Wilms' tumor (WT), sometimes referred to as nephroblastoma, is a cancerous kidney tumor that makes up 5% of pediatric malignancies and 95% of malignant kidney tumors in childhood [1]. It occurs in around 1 in every 10,000 children [2]. The syndrome arises from atypical kidney formation during the embryonic phase, particularly at the mesenchymal-epithelial transition (MET) that occurs at the beginning of nephrogenesis [3]. It commonly impacts children between the ages of 0 and 4, with most diagnoses occurring between the ages of 3 and 4 and it affects both men and girls equally [1].

While the majority of WT cases are unilateral, occurring in only one kidney, approximately 5–10% of tumors involve both kidneys simultaneously [4], [5]. The majority of WT cases, around 98–99%, occur sporadically, whereas a small percentage, about 1–2%, are familial [6]. Metastatic forms are seen in around 12% of cases [7], with the majority (80%) affecting the lungs and a smaller proportion (10%) affecting the liver [8]. However, in rare instances, metastasis to the lymph nodes or bones may be found [6]. Approximately 20% of WTs are incidentally detected during normal check-up visits, as tumors can grow to a significant size without showing any specific symptoms [9]. Nevertheless, WT is typically distinguished by the formation of a tangible rigid mass or enlargement in the abdomen, which may be accompanied by abdominal discomfort, internal bleeding inside the tumor, presence of blood in urine under microscopic examination, high blood pressure, fever, and vomiting [10]. Imaging, particularly ultrasound, aids in establishing the diagnosis, which can reveal the location of the mass within or outside the kidney, as well as its composition (solid or cystic). Subsequently, three-dimensional imaging techniques such as MRI scan or CT are conducted, which are necessary for determining the extent of the disease and for initial monitoring of the condition [11].

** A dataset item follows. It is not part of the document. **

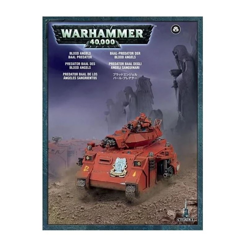 Description du produitLe Predator Baal est une variante spécialisée du Predator. L’armement du Baal est de loin le mieux adapté au style de combat rapproché des Blood Angels, utilisant des canons d’assaut jumelés pour déchiqueter les formations ennemies. Equipé d'un canon Tempête de Feu, il est capable de nettoyer rapidement les bunkers et les barricades.
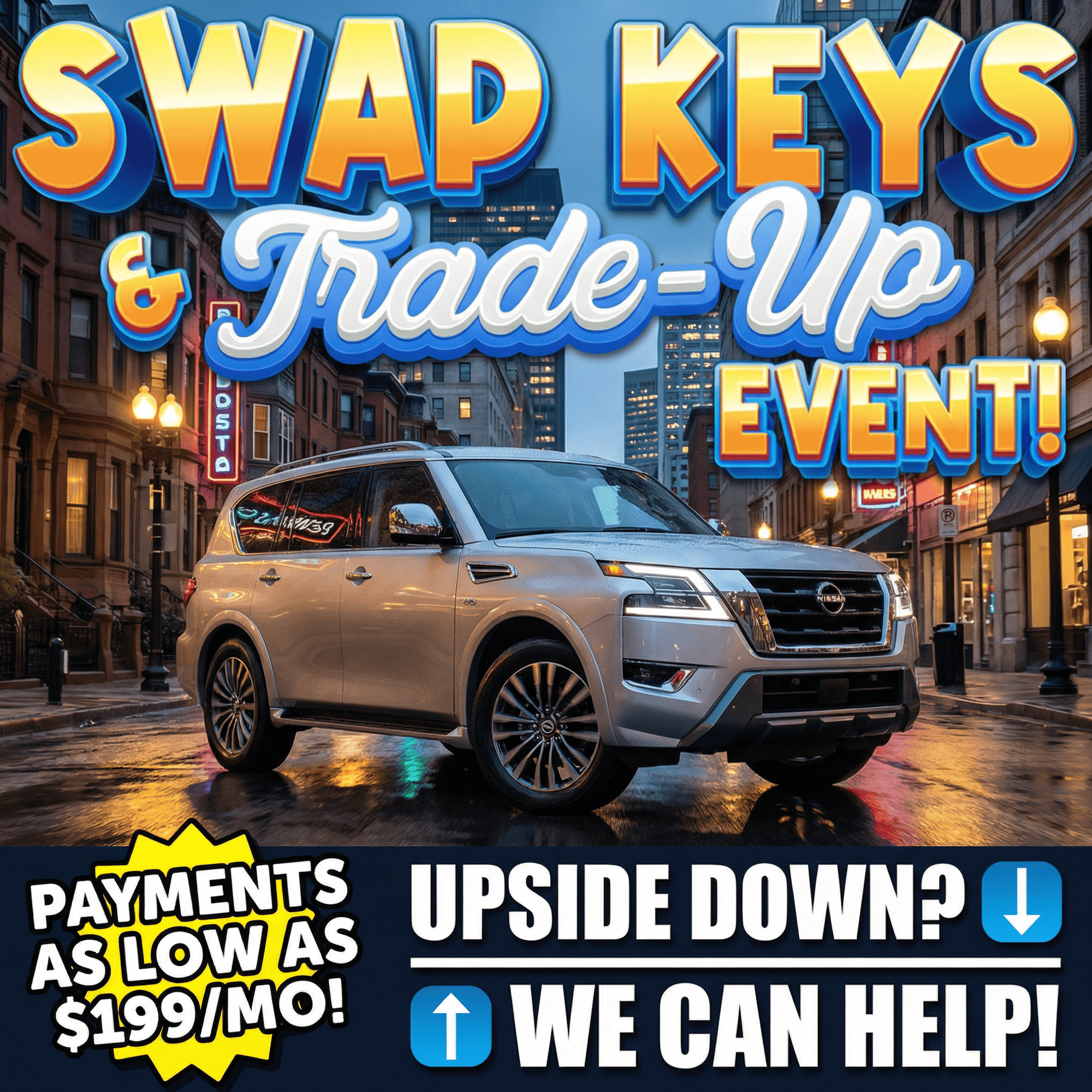 Focused on customers who are upside down or just tired of their current ride. "Upside down? We can help!" combined with low payment messaging ($199/mo type hooks) gets people thinking about upgrading when they assumed they couldn't. We handle the negative equity objection right in the ad.

WT originates from remaining blastema cells in the kidney, referred to as nephrogenic rests, believed to constitute early stages of the tumor [12]. Tumors can form in nephrogenic rests, with bilateral Wilms tumors being more prevalent in girls and linked to specific congenital disorders like as aniridia and hemihypertrophy. The fetal kidney is formed from the ureteric bud and metanephric mesenchyme, while Wilms tumors arise from the aberrant presence of nephrogenic cells [12].

WT is managed according to either the NWTS North American protocol or the SIOP European protocol [4], [13]. In Morocco and many parts of Europe, the SIOP procedure is utilized, involving the administration of chemotherapy before surgery, followed by the complete removal of the kidney along with the tying off of the blood vessels and the removal of the lower part of the ureter. This is then followed by postoperative chemotherapy, typically using a combination of drugs. In certain cases, post-operative radiation therapy may be administered alongside chemotherapy, depending on the histology and stage of the tumor [14]. However, despite their effectiveness in increasing survival rates, these treatments can also cause negative side effects. These side effects include short-term toxicity, especially affecting the GIT and cardiac systems, as well as long-term toxicity. Chronic poisoning may cause hindered growth of bones, which could result in scoliosis and an increased likelihood of acquiring secondary cancers [6].

MicroRNAs (miRNAs) are small, conserved, non-coding RNA molecules that consist of a single strand and are typically 20–22 nucleotides long [15], [16]. Their primary roles involve regulating target mRNAs post-transcriptionally by either inhibiting translation or promoting mRNA degradation [17], [18]. MiRNAs were initially discovered as regulators of proliferation, apoptosis, and cellular differentiation [19]. The dysregulation of specific miRNAs (referred to as "oncomiR") has been linked to the formation of particular cancers [20]. Multiple studies have documented the abnormal regulation of miRNAs in different tumors, including urothelial, and gastric cancer and modified expression of these miRNAs has been suggested as a means of diagnosing and predicting the outcome of these diseases [21], [22]. The genesis of WT involves the dysregulation of epithelial-mesenchymal transition (EMT), cell migration, invasion, cell proliferation, and metastasis. This study focuses on the investigation of the functions of different cancer-causing and tumor-suppressing miRNAs in WT, aiming to enhance our comprehension of the molecular mechanisms involved in the initiation and advancement of WT. We also explore the biological importance and medical application of miRNAs in the prognosis and diagnosis of WT.

A review was conducted by searching the online medical databases PUBMED and NCBI for certain phrases. Research on "miRNA," "nephroblastoma," "carcinogenesis," "pathogenesis," and "Wilms' tumors" was finished by December 29, 2023. To provide a comprehensive overview of the role of miRNAs in Wilms' tumor development and pathogenesis, priority was given to papers with robust experimental methodologies such as clinical guidelines, meta-analyses, randomized clinical studies, systematic reviews, original papers, and narrative reviews.